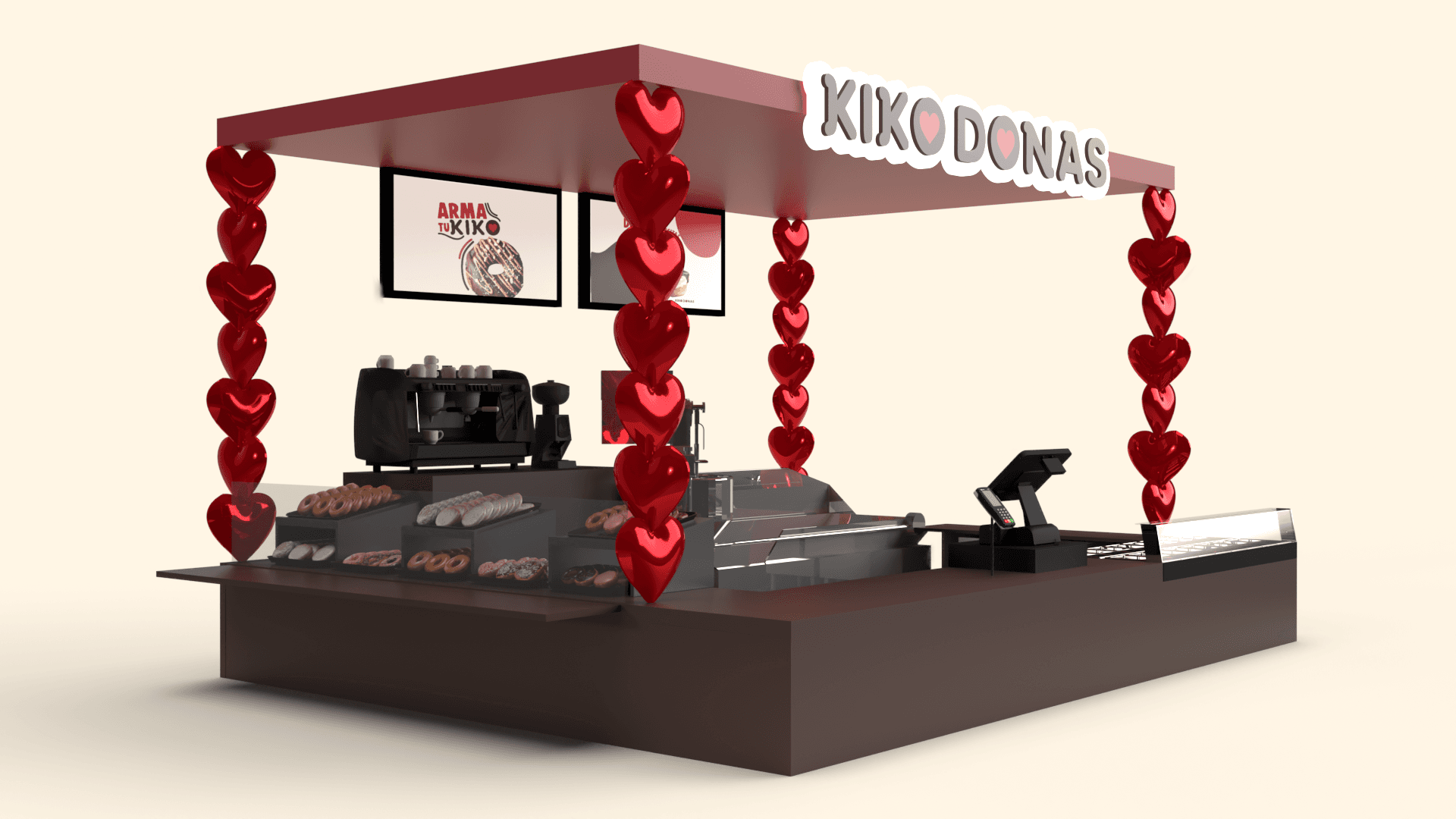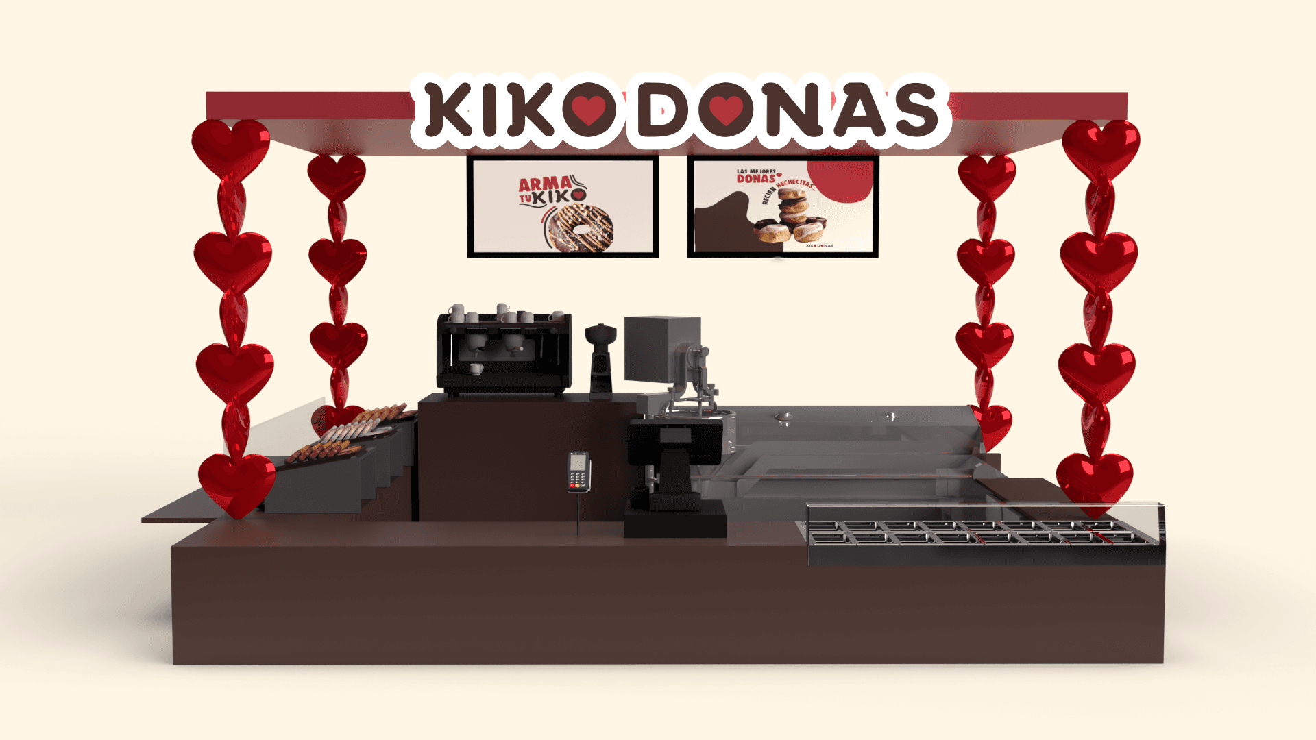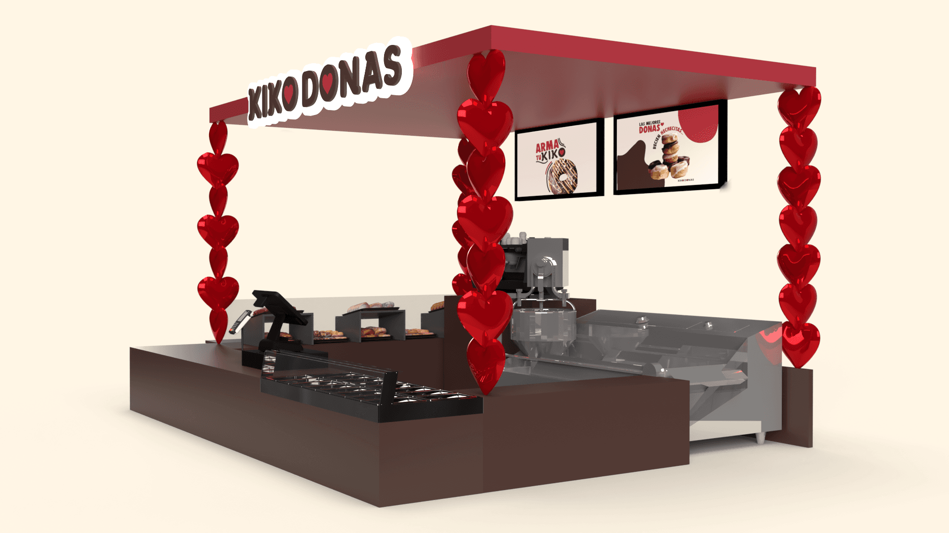 Cuando las donas están recién hechas, las repisas de corazones se iluminarán para que el cliente reconozca que están listos para comprarlas y comerlas bien calientitas.
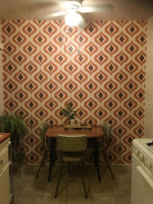 I am so in love with this wallpaper! We were looking for a 70's look for the kitchen and this was exactly what we needed! Colors are great and it has some texture to it! It's amazing! Also putting the paste on the wall made it much easier!
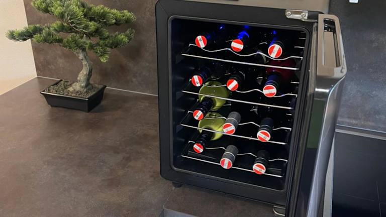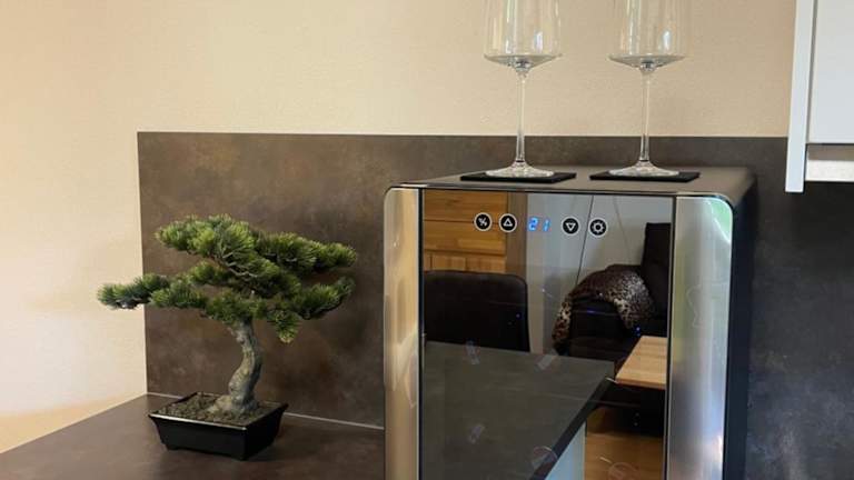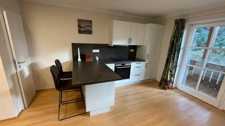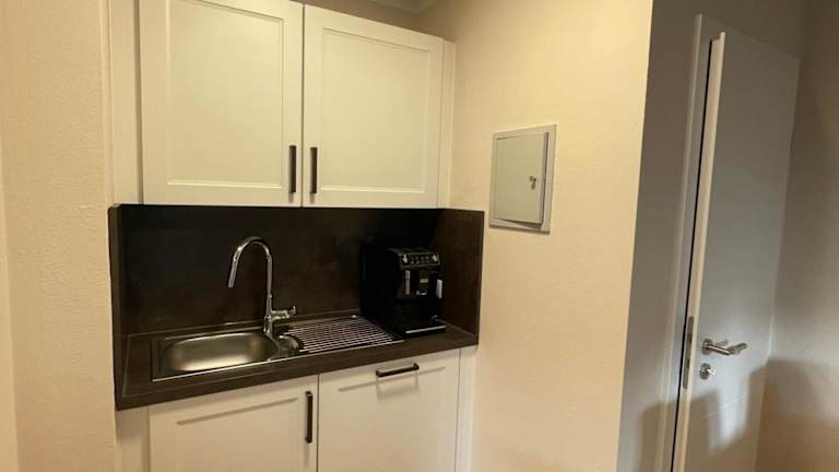 Die Ferienwohnung verfügt über eine voll ausgestattete Küche mit Kühlschrank und Kaffeemaschine, sodass die Gäste die Möglichkeit haben, ihre Mahlzeiten selbst zuzubereiten.
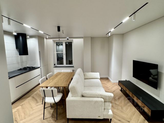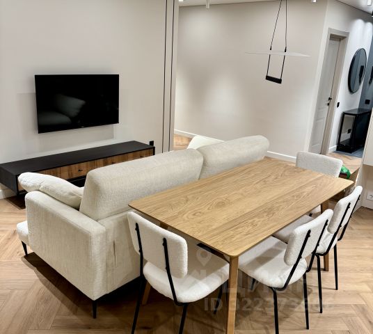 гостиная-кухня , с продуманной эргономикой, удобным диваном. Стол, стулья, дизайнерская тумба, телевизор;
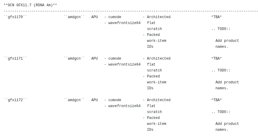 AMD在开源图形栈的LLVM编译器中,新增了两个全新RDNA 4m图形目标GFX1171和GFX1172。这两款与此前发现的GFX1170组成三款型号,均归属RDNA 4m标签下,且指令集能力完全一致,确认AMD正在为下一代APU准备多规格的集成GPU方案。
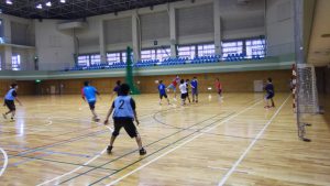 パス・シュートで軽く体を慣らした後、男子は3チーム+α、女子は1チームで15分ゲームを回しました。
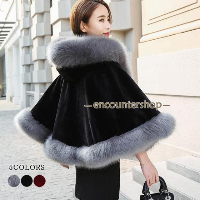 ファーコート マントコート ポンチョ コート マント レディース 毛皮コート 大人 ふわふわ フード付き 可愛い 暖かい 秋冬 トレンド 新作
----
### Task
Copy the records exactly. Skip the images.

### Response to this exercise
 Cuando las donas están recién hechas, las repisas de corazones se iluminarán para que el cliente reconozca que están listos para comprarlas y comerlas bien calientitas.
 I am so in love with this wallpaper! We were looking for a 70's look for the kitchen and this was exactly what we needed! Colors are great and it has some texture to it! It's amazing! Also putting the paste on the wall made it much easier!
 Die Ferienwohnung verfügt über eine voll ausgestattete Küche mit Kühlschrank und Kaffeemaschine, sodass die Gäste die Möglichkeit haben, ihre Mahlzeiten selbst zuzubereiten.
 гостиная-кухня , с продуманной эргономикой, удобным диваном. Стол, стулья, дизайнерская тумба, телевизор;
 AMD在开源图形栈的LLVM编译器中,新增了两个全新RDNA 4m图形目标GFX1171和GFX1172。这两款与此前发现的GFX1170组成三款型号,均归属RDNA 4m标签下,且指令集能力完全一致,确认AMD正在为下一代APU准备多规格的集成GPU方案。
 パス・シュートで軽く体を慣らした後、男子は3チーム+α、女子は1チームで15分ゲームを回しました。
 ファーコート マントコート ポンチョ コート マント レディース 毛皮コート 大人 ふわふわ フード付き 可愛い 暖かい 秋冬 トレンド 新作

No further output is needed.